【13話の1】 3人で一緒に1年住めばどうなるか?

 

 4日後、私はへグランドBV206を、のんびりと走らせています。

 SHERPATVでは、同乗者の大量の荷物を積み込めないのです。

 

 へグランドBV206は、全地形に適応した装軌式の関節連結型トレーラー車両、どこだって走れます。

 全長は6.9メートル、例の7日に1回に使用できる、最大使用量が倍になるときに、取り寄せたのです。

 

 勿論ディーゼルエンジン、ニュージーランドで使用していた中古でしたが未登録品、走行距離は3000キロ、程度は極上でした。

 これベンツのディーゼルを搭載しているので、米軍仕様かもしれませんね。


 定員はクーラー付きの前に6名、後ろに11名ですが、後ろには同乗者の荷物でいっぱい、屋根上のカーゴにも満載状態です。

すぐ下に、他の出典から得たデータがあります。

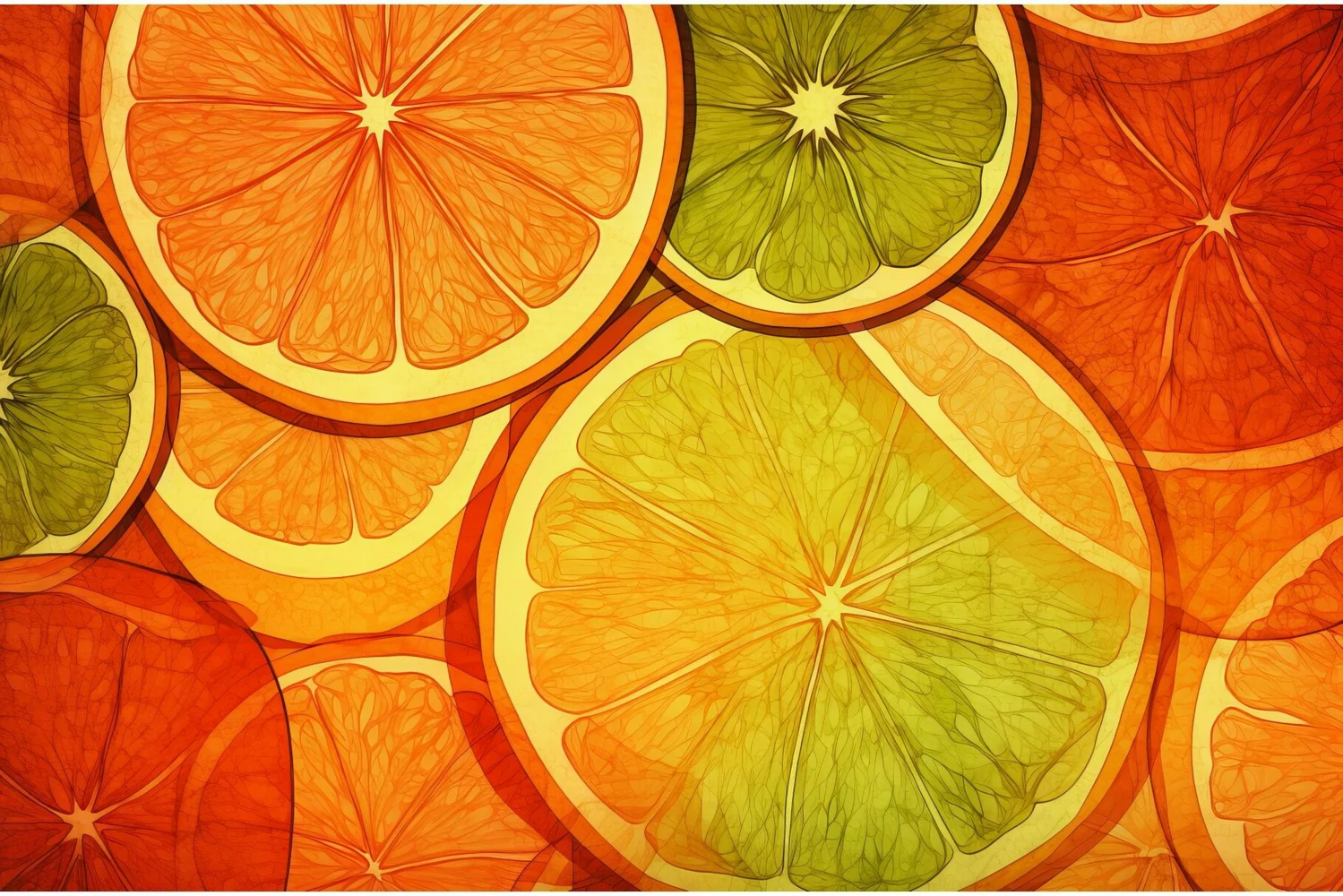 Clementine orange background. Fresh juicy mandarin slices backdrop. Generate ai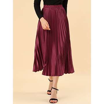 Lining, Stretchy High Waisted, A Line, Solid Metallic Color Midi Skirt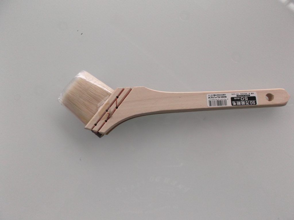 上の写真は、普通の刷毛です。壁や何かに、ペンキなどを塗るときに、一般的に使われる物ですが、この写真を取り上げた理由は、手で持つ部分(取っ手)と、刷毛の毛先の角度に注目してもらいたいからです。この刷毛を使って、目の前にある壁にペンキを塗る場合、身体の正面の左から右にまっすぐな、直線を描こうとしたら、一番良い方法は、毛先と取っ手部分が、同じ線上を動くことで、やや細い直線が描けるでしょう。

 ブルーシートをかけ、ロープで落ちないように縛り上げているのですよ、前も後ろもです。

 

 乗っているのは5人、私、エヴプラクシヤさん、マトリョーナさんまでは理解できるのですが、なぜかヴェロニカさんが、私の担当だった侍女さんを従え乗り込んできました。

 

「姫様方とイルマタル様のお世話掛りです、本当は2、3名連れてきたかったのですが……気心の知れた侍女をつれてきました」

 

 侍女さんは、マシャ・ノヴェソロワさんとおっしゃるそうで、細面の足の長い方です。

 バストはエヴプラクシヤさんほどではありませんが、キリッとした顔をされたモデルのような方です。

 この方、魔法が使えましたよね。

 

 マシャさんを見つめながら、

「もう皆さんは私の仲間、お口を閉じてくれると、期待しています」

「お任せください、私はどこまでもイルマタル様の侍女です!」

 この後、小さく呟きましたけどね……昼も夜も……って。

 

 あの髪飾りをつけてくれています。

「それ、つけてくれたのですか?お似合いですよ」

「ありがとうございます、大事に使わせていただいています」

 と、顔を赤らめながら返事をしてくれます、可愛いですね。

 

「イルマタル様!私たちにはなにもいただいていません!」

 ちょっとふくれっ面の姫様たち。

 

「そうですね……向こうについたら差し上げますから、そんなに、むくれないの、せっかくの美貌が台無しですよ」

「いやだ、イルマタル様ったら♪」

 まったく……こんな調子で、1年間大丈夫なのでしょうかね。

 

 もうすぐ昼です、すこし休憩しましょうね。

「お昼は簡単なものでよいですか?」

「イルマタル様、あのハンバーガーといわれるものを食べたいのですが」

 某ハンバーガー店のネット注文による、宅配システムを利用して出したものですね。

「いいですよ」

 ハンバーガーとホットドッグ、オニオンフライとフレンチポテト、野菜サラダ、それにシェイクでしたね、あと、たしかチーズケーキとコーヒーをだしましたね。

 全部一つ当たり700円以下、いいですね♪

 

「本当にオスク・スクールに編入させるなんて、お父様も無茶をする」

 可愛らしいお口に、ケチャップなどつけながらの、マトリョーナさんのお言葉です。

 

「マトリョーナさんもエヴプラクシヤさんも、在校生だったのですね」

「私は違う」

「えっ、エヴプラクシヤさんも通っていると、大公様が私に云われましたけど?」

「父はよくいい加減な事を云う」

 

 ……くそ、やられた、エヴプラクシヤさんが行かなければ、私が行くわけはない。

 読まれていた……あのクソ親父!

 3人で一緒に1年住めばどうなるか、望ましい事になる確率が跳ね上がる……自分に自信がないし……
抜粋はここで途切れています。